Perhaps the best part is that this solution can be implemented in just
a few lines of code.

Rich

^ permalink raw reply	[flat|nested] 7+ messages in thread

* Re: Proposed approach for malloc to deal with failing brk
  2014-03-31  0:41 Proposed approach for malloc to deal with failing brk Rich Felker
@ 2014-03-31  4:32 ` Rich Felker
  2014-03-31  7:44   ` u-igbb
  2014-03-31 11:05 ` Szabolcs Nagy
  2014-04-01 16:40 ` Vasily Kulikov
  2 siblings, 1 reply; 7+ messages in thread
From: Rich Felker @ 2014-03-31  4:32 UTC (permalink / raw)
  To: musl

[-- Attachment #1: Type: text/plain, Size: 168 bytes --]
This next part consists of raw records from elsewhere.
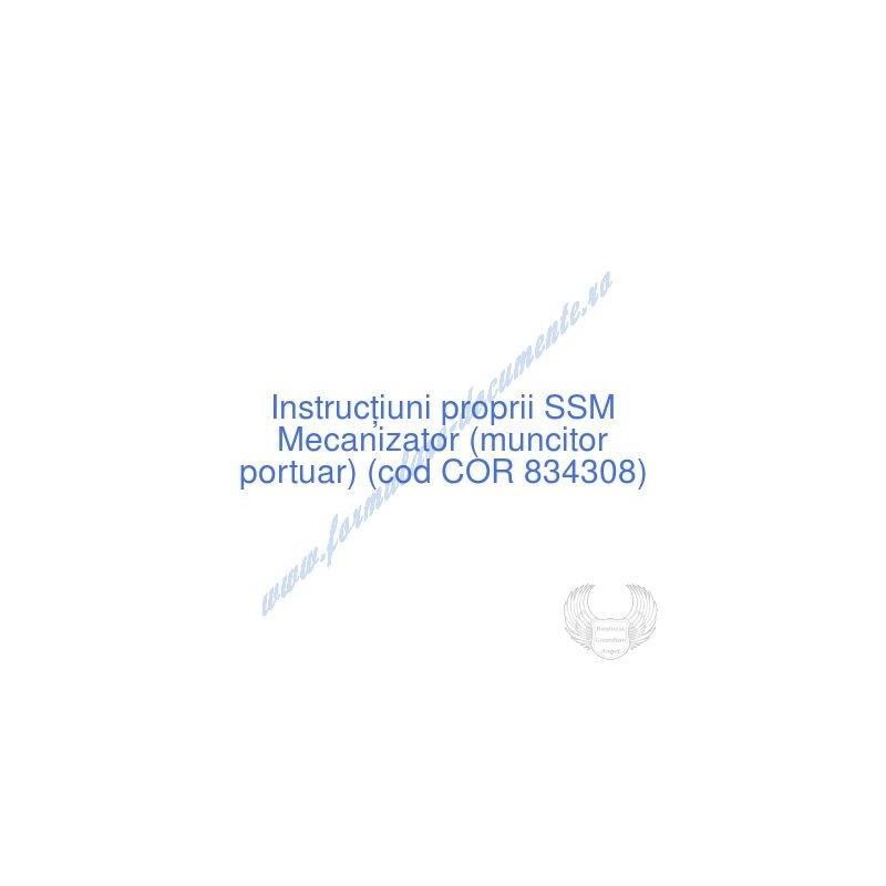 Aceste documente OBLIGATORII pentru ocupantul postului de Mecanizator (muncitor portuar) (cod COR 834308), sunt complet întocmite, respectând cerințele Codului muncii actualizat 2023, Legii securității și sănătății în muncă nr. 319/2006 (actualizată 2023), H.G. 1425/2006 (actualizată 2023) și răspund tuturor cerințelor standardelor de calitate referitoare la management (ISO 9001/ ISO 14001/ ISO 22000/ SR OHSAS 18001:2008/ ISO 45001:2018 etc.). Cuprinsul IPSSM pentru instruirea angajatului pe funcția de Mecanizator (muncitor portuar) :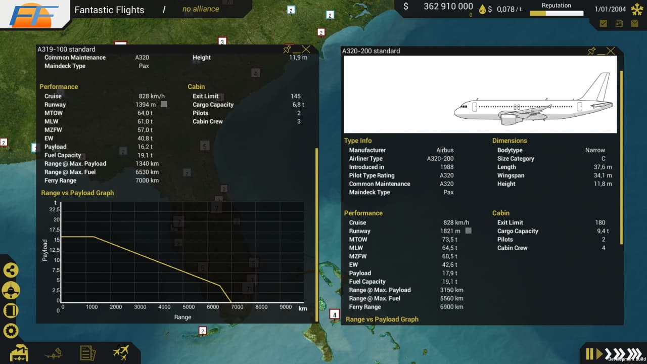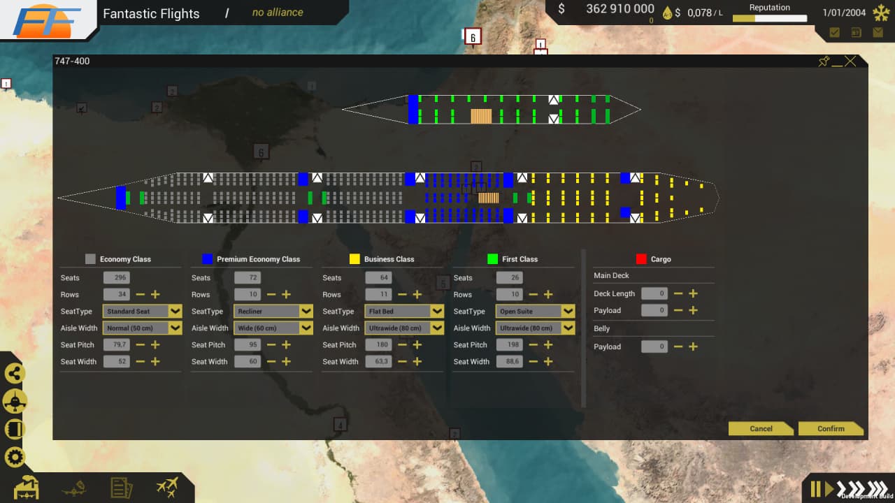 Юзер начинает свой бизнес с покупки или аренды самолета. В The Airline Project - Next Gen можно кастомизировать пассажирские лайнеры, настраивая конфигурацию салона, выбирая двигатели для них и всё в таком духе. После этого важно договориться с аэропортами, приобретая в них слоты для своего транспорта. Для создания маршрутов доступно 4000 воздушных гаваней со всего мира. Можно планировать полеты с точностью до минуты.
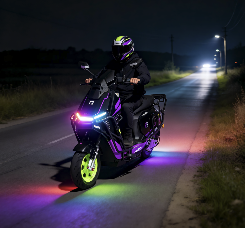 LED超酷炫彩透镜大灯,在点亮瞬间就宣告了它的与众不同。不仅照亮前路,更照亮你的个性。而内置的蓝牙音响,则是独属于骑士的BGM系统。连接手机,风与音乐同行,让每一次夜骑都变成一场私人演唱会。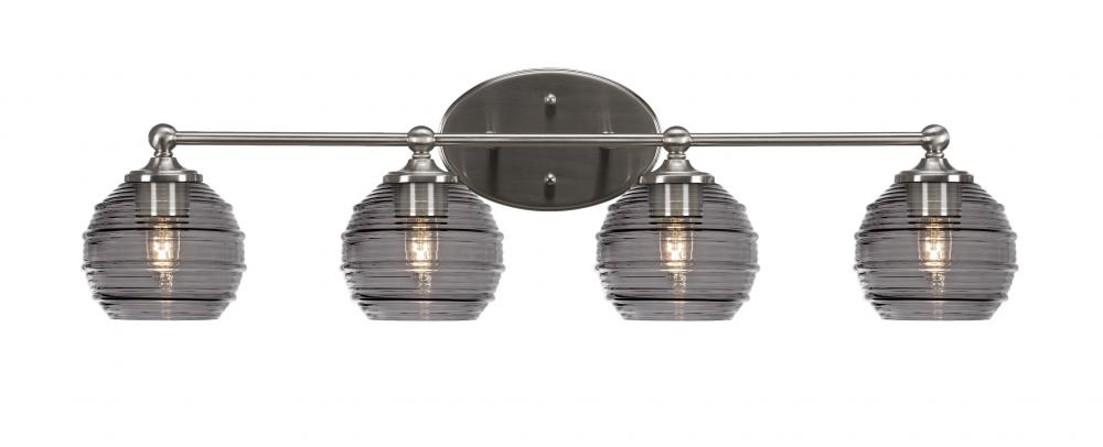 Capri 4 Light Bath Bar Shown In Brushed Nickel Finish With 6 Smoke Ribbed Glass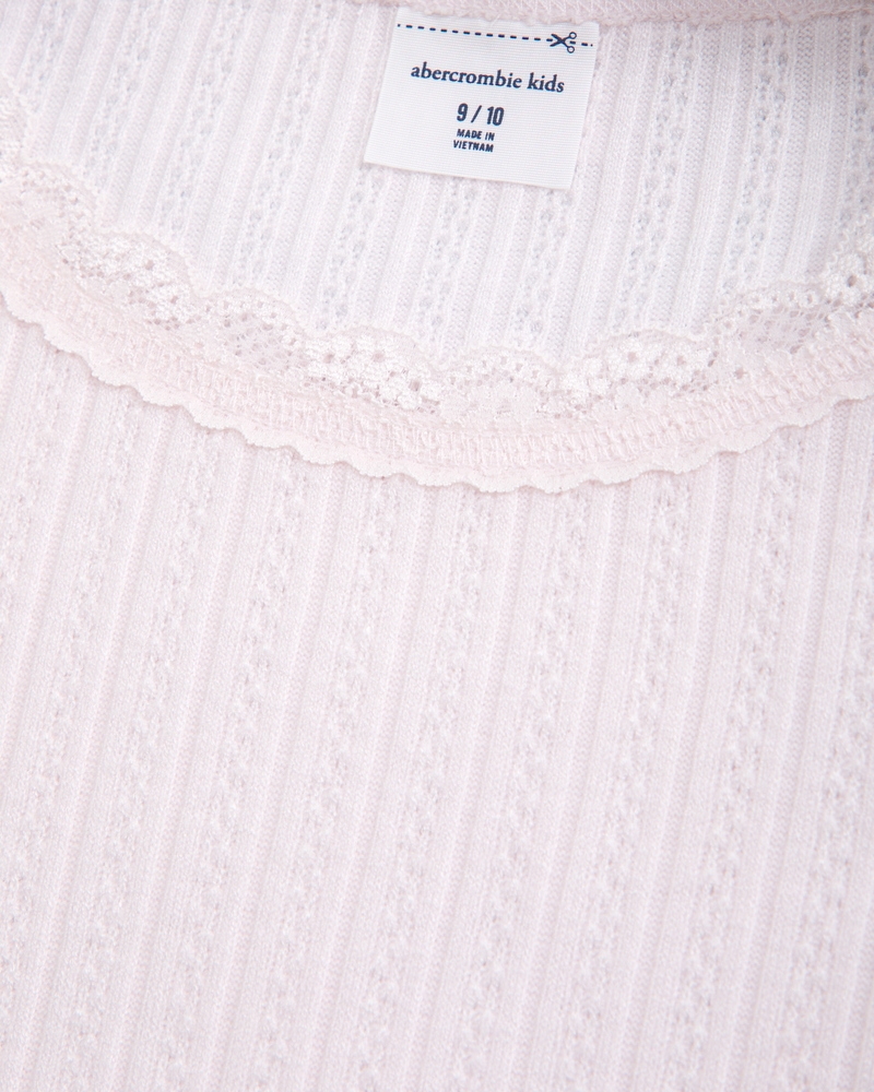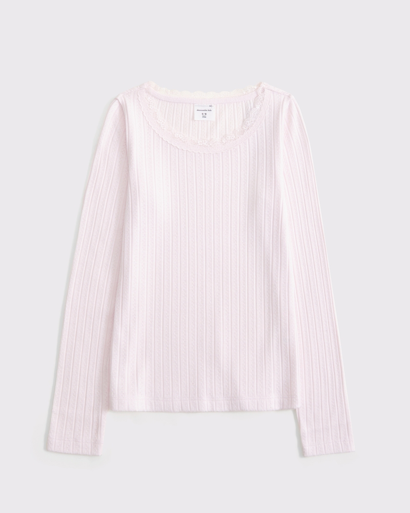 long-sleeve pointelle lace-trim top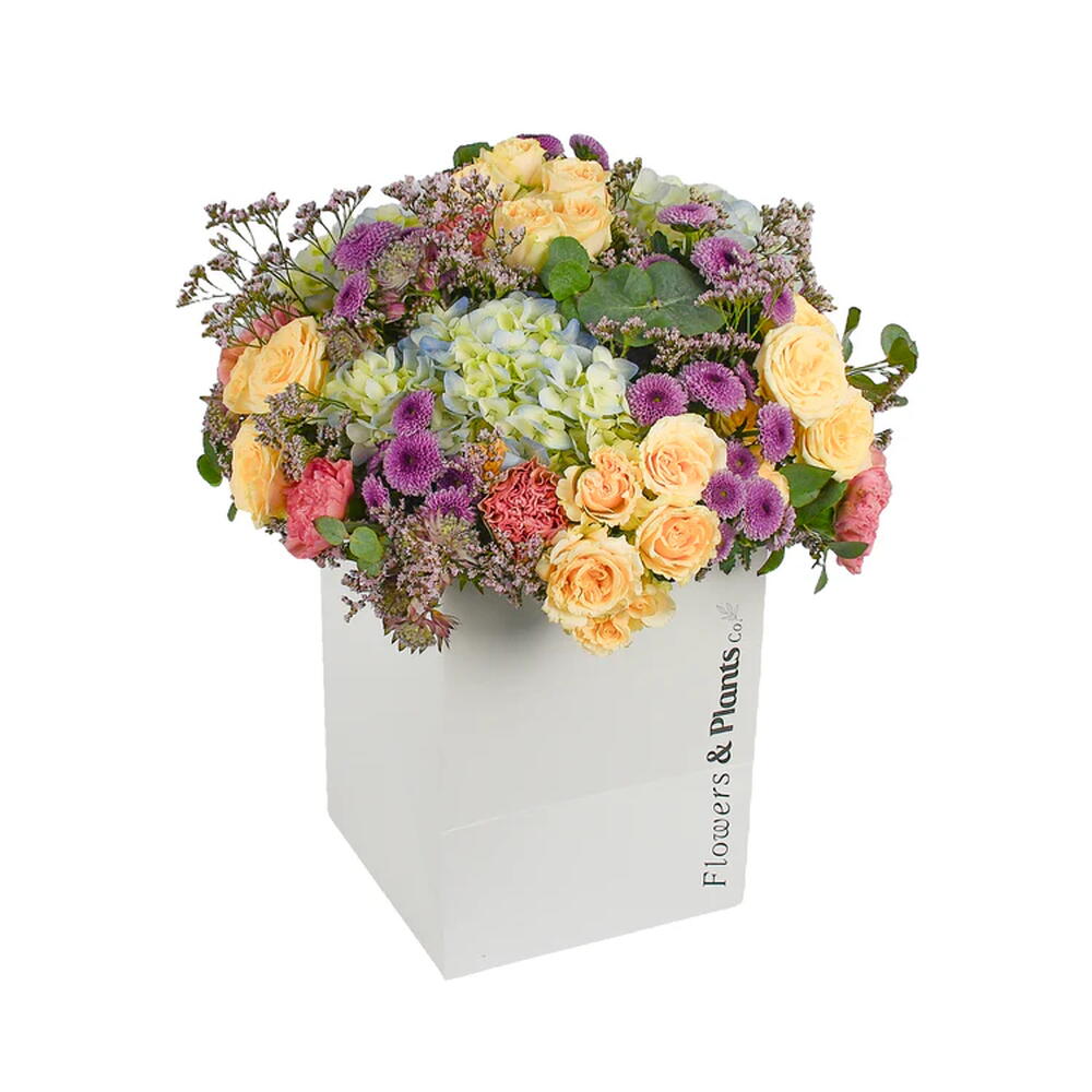 Енергійна композиція з великою кількістю шарму. У складі: гвоздики, гортензії, кустові троянди та інше.

> Perhaps the best part is that this solution can be implemented in just
> a few lines of code.

And here's the patch. Please test and let me know if this works.

Rich

[-- Attachment #2: brk_fallback.diff --]
[-- Type: text/plain, Size: 1098 bytes --]

diff --git a/src/malloc/malloc.c b/src/malloc/malloc.c
index d6ad904..3c1ddcd 100644
--- a/src/malloc/malloc.c
+++ b/src/malloc/malloc.c
@@ -37,6 +37,7 @@ static struct {
 	struct bin bins[64];
 	int brk_lock[2];
 	int free_lock[2];
+	unsigned mmap_areas;
 } mal;
 
 
@@ -162,7 +163,31 @@ static struct chunk *expand_heap(size_t n)
 	new = mal.brk + n + SIZE_ALIGN + PAGE_SIZE - 1 & -PAGE_SIZE;
 	n = new - mal.brk;
 
-	if (__brk(new) != new) goto fail;
+	if (__brk(new) != new) {
+		size_t min = (size_t)PAGE_SIZE << ++mal.mmap_areas/2;
+		if (!min) mal.mmap_areas--;
+		n += -n & PAGE_SIZE-1;
+		if (n < min) n = min;
+		void *area = __mmap(0, n, PROT_READ|PROT_WRITE,
+			MAP_PRIVATE|MAP_ANONYMOUS, -1, 0);
+		if (area == MAP_FAILED) {
+			mal.mmap_areas = 0;
+			goto fail;
+		}
+
+		area = (char *)area + SIZE_ALIGN - OVERHEAD;
+		w = area;
+		n -= SIZE_ALIGN;
+		w->psize = 0 | C_INUSE;
+		w->csize = n | C_INUSE;
+		w = NEXT_CHUNK(w);
+		w->psize = n | C_INUSE;
+		w->csize = 0 | C_INUSE;
+
+		unlock(mal.brk_lock);
+
+		return area;
+	}
 
 	w = MEM_TO_CHUNK(new);
 	w->psize = n | C_INUSE;

^ permalink raw reply	[flat|nested] 7+ messages in thread

* Re: Proposed approach for malloc to deal with failing brk
  2014-03-31  4:32 ` Rich Felker
@ 2014-03-31  7:44   ` u-igbb
  0 siblings, 0 replies; 7+ messages in thread
From: u-igbb @ 2014-03-31  7:44 UTC (permalink / raw)
  To: musl

Hello Rich,

On Mon, Mar 31, 2014 at 12:32:48AM -0400, Rich Felker wrote:
> > Perhaps the best part is that this solution can be implemented in just
> > a few lines of code.
> 
> And here's the patch. Please test and let me know if this works.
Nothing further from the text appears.